It's fun to read about other people's struggles with a second language. Fun, and somehow comforting. I just read Monsieur Mediocre, by John von Sothen, an American married to a French woman, living in Paris with their two French children. Though he continues to study French, lives with three native speakers, and speaks French most of the time, he will never really get it.
One of his problems is, as he says, "I'm not afraid. I'm not one of those Americans embarrassed to talk because they think their French isn't up to snuff. . . . I'm like the bad golfer swinging away, oblivious that his balls are slicing and braining people on the course."

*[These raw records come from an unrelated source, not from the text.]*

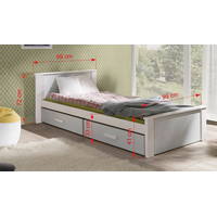 Detská posteľ z masívu borovice ALDA je skvelou voľbou, ak hľadáte kvalitnú a robustnú posteľ . Posteľ sa vyznačuje svojou praktickosťou a atraktívnym dizajnom . Rám postele je vyrobená z veľmi kvalitného borovicového dreva , ktoré je ošetrené tromi vrstvami ekologického laku v bielej akrylovej povrchovej úprave. Čelá postele a šuplíkov sú vyrobené z lamina s ABS hranami v modernom odtieni dub sonoma . Tým je zaistená vysoká odolnosť postele voči mechanickému poškodeniu a rôznym druhom nečistôt. Posteľ je dodávaná s dvoma priestrannými šuplíkmi na kolieskach, kam si môžete uložiť lôžkoviny, hračky alebo iné nevyhnutnosti.
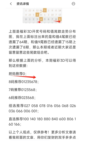 上图是福彩3D开奖号码文章分析的截图,最后我推荐的胆码正确,下面来分析本期的福彩3D。
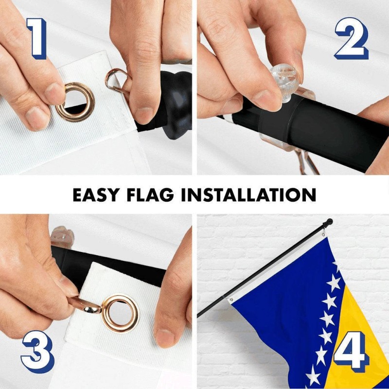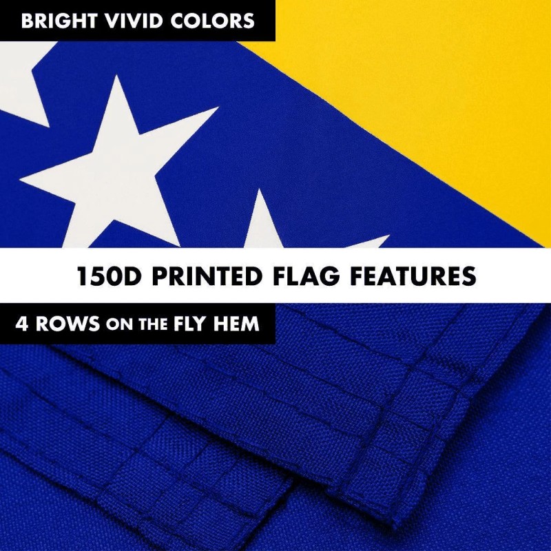 DELUXE PACKAGE: G128 is including a Bosnia and Herzegovina flag with brass grommets for this deluxe flag and flagpole package! All the guarantees of the quality of our G128 flag is included in this package.
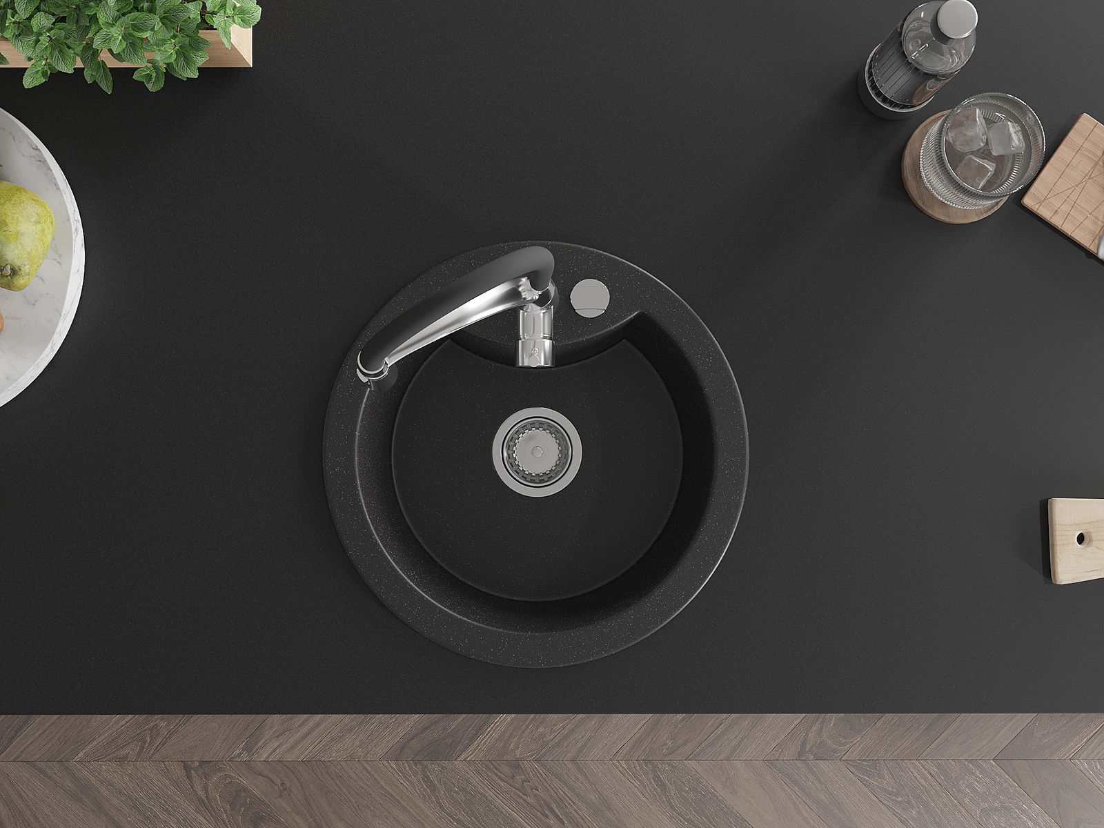 Povrch umývadla je odolný voči škvrnám a sfarbeniu, vďaka čomu sa ľahko čistí a zachováva si svoju farbu po dlhú dobu. Estetický a prakticky dopĺňajúci každú kuchyňu.
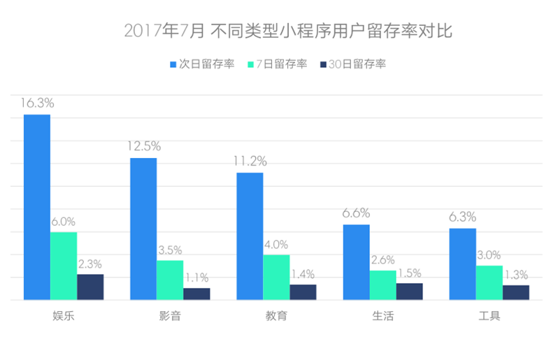 在留存率指标上,娱乐类小程序成绩抢眼。其次日留存率达到了16.3%,名列榜首,在7日留存与30日留存的表现也高于其他类型小程序。在娱乐类小程序之外,影音、教育类小程序也表现良好,均实现了超过10%的次日留存率。
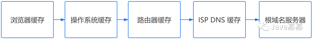 浏览器会先检查是否在缓存中,没有则调用系统库函数进行查询。
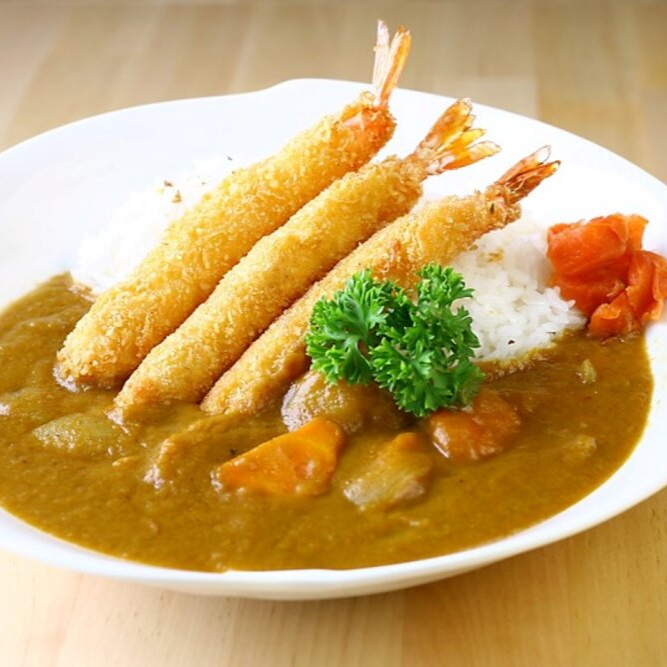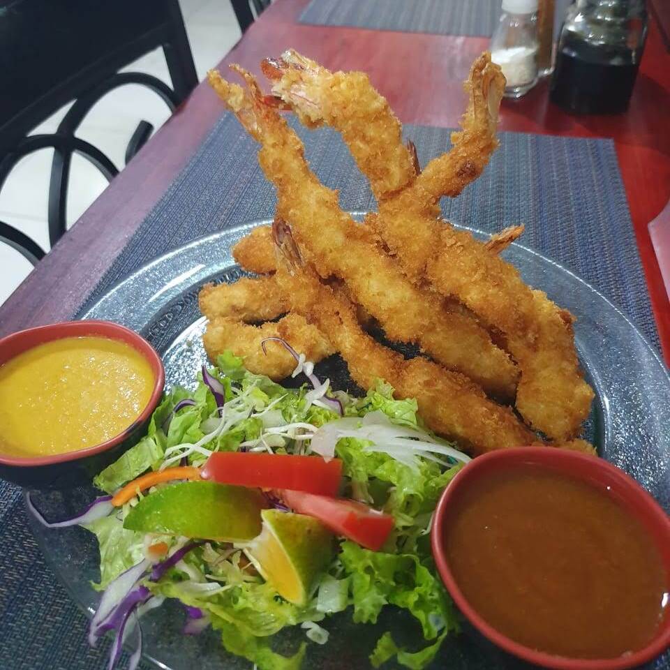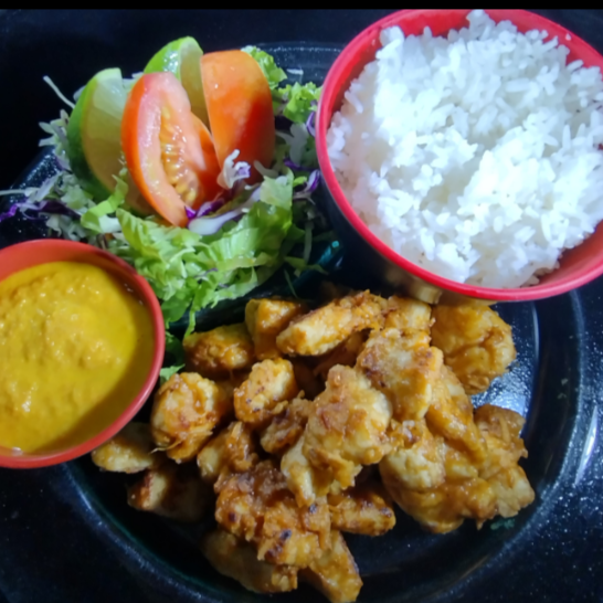 Camarones empanizados, arroz blanco, curry, zanahoria, papa y cebolla.

Too, he's lazy about verb conjugation and will use the present tense, adding the phrase that means "in the past," while waving his arm to signal time past. Worst of all, he confesses, "I never wanted to admit I didn't understand. I never asked people to repeat themselves or to just slow down." Instead, he developed a repertoire of facial expressions and meaningless phrases to get him through a conversation. He will press "2" for English when he calls a business.
Laughing at von Sothen's struggles, I recognized that it's all true of me and my Spanish. I love the language and will charge fearlessly ahead with speaking it. Instead of actually improving my knowledge, I use various strategies for participating in conversations and for avoiding tricky grammar traps. I'm proud of my communication ability, but, for important matters, I'll switch to English.
Of course, I will never really get it, but I have fun with my bad Spanish.